Problem requirements -
Repeat all of the data word for word so that only the pictures are missing from the copy.

Supplied data -
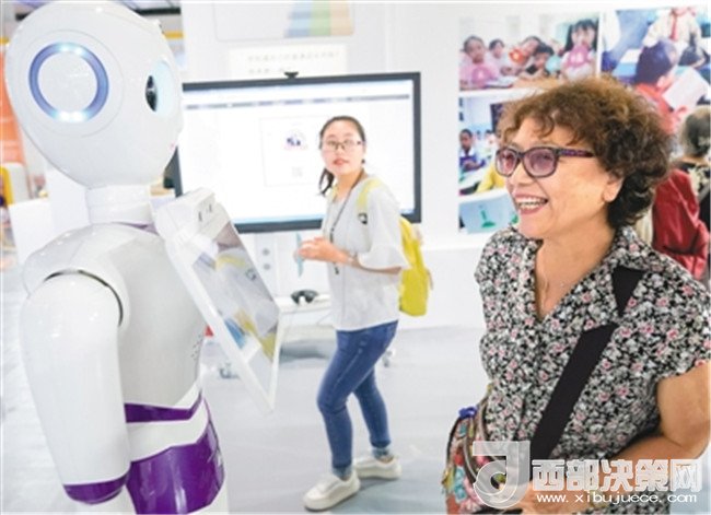 在首屆中國北京國際語言文化博覽會上,一名參觀者與智能客服機(jī)器人交流。 (
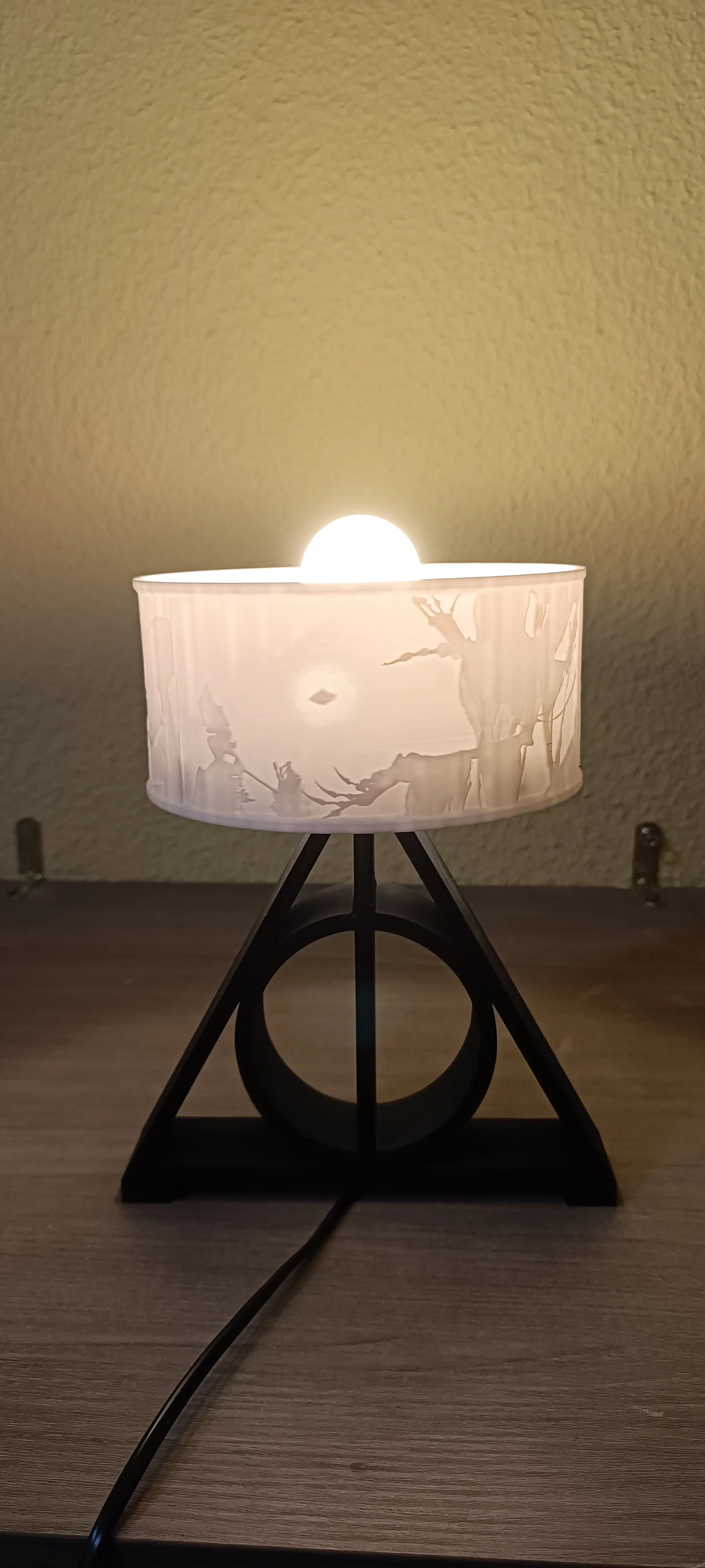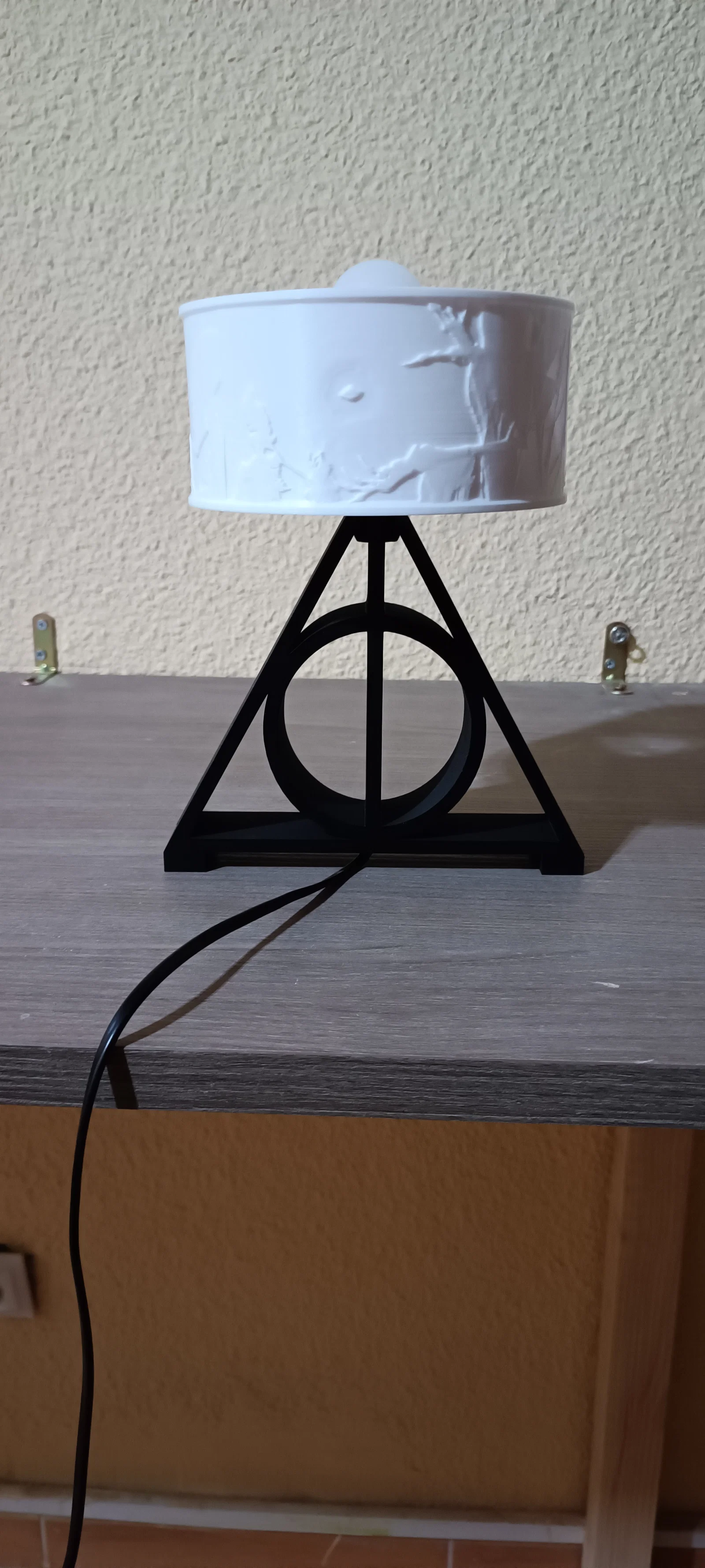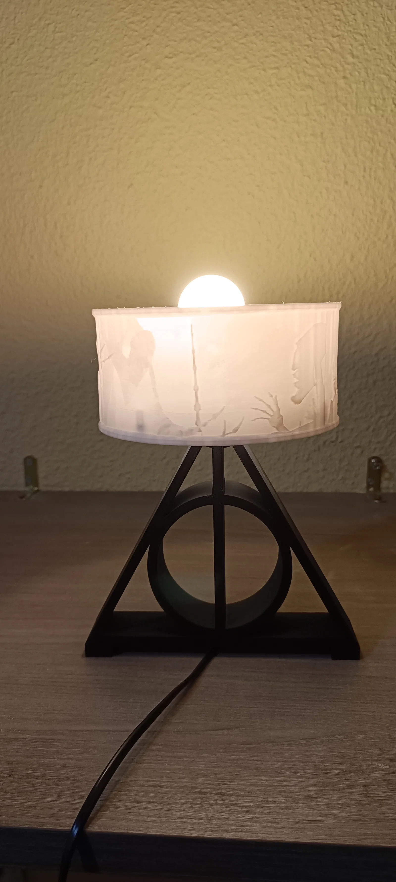 Nếu bạn là một người hâm mộ cuồng nhiệt của thế giới phù thủy Harry Potter, thì đây chắc chắn là món đồ trang trí không thể thiếu trên bàn làm việc hoặc tủ đầu giường của bạn. Sản phẩm này là một chiếc đèn ngủ dạng litophane độc đáo, tái hiện hình ảnh đầy ấn tượng về "Bảo bối Tử thần" – một biểu tượng kinh điển trong hành trình khám phá thế giới phép thuật huyền bí. Với thiết kế tinh tế kết hợp giữa phần chụp đèn bằng nhựa in 3D với chi tiết nổi bật và phần đế hình biểu tượng Bảo bối Tử thần, chiếc đèn này không chỉ cung cấp ánh sáng dịu nhẹ mà còn tạo điểm nhấn nghệ thuật cực kỳ bắt mắt cho không gian sống của bạn.
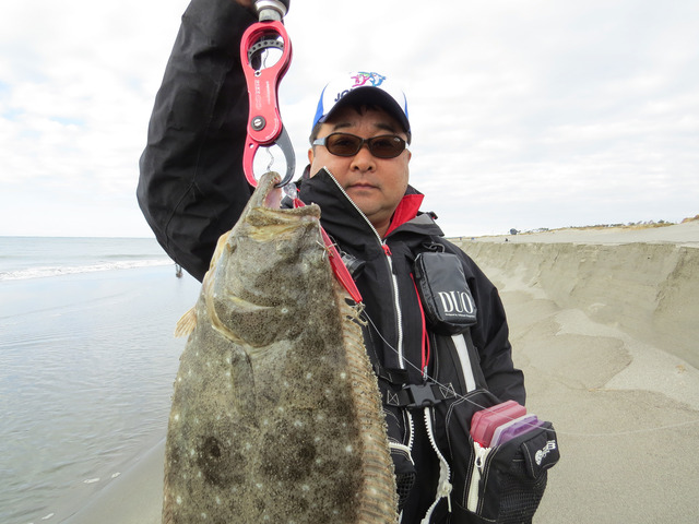 もちろん本命ヒラメの釣果も!8時~9時の時合で複数の釣果が出たようです!こちらは熱砂 ヒラメミノーIIIでの良型!

Written response -
 在首屆中國北京國際語言文化博覽會上,一名參觀者與智能客服機(jī)器人交流。 (
 Nếu bạn là một người hâm mộ cuồng nhiệt của thế giới phù thủy Harry Potter, thì đây chắc chắn là món đồ trang trí không thể thiếu trên bàn làm việc hoặc tủ đầu giường của bạn. Sản phẩm này là một chiếc đèn ngủ dạng litophane độc đáo, tái hiện hình ảnh đầy ấn tượng về "Bảo bối Tử thần" – một biểu tượng kinh điển trong hành trình khám phá thế giới phép thuật huyền bí. Với thiết kế tinh tế kết hợp giữa phần chụp đèn bằng nhựa in 3D với chi tiết nổi bật và phần đế hình biểu tượng Bảo bối Tử thần, chiếc đèn này không chỉ cung cấp ánh sáng dịu nhẹ mà còn tạo điểm nhấn nghệ thuật cực kỳ bắt mắt cho không gian sống của bạn.
 もちろん本命ヒラメの釣果も!8時~9時の時合で複数の釣果が出たようです!こちらは熱砂 ヒラメミノーIIIでの良型!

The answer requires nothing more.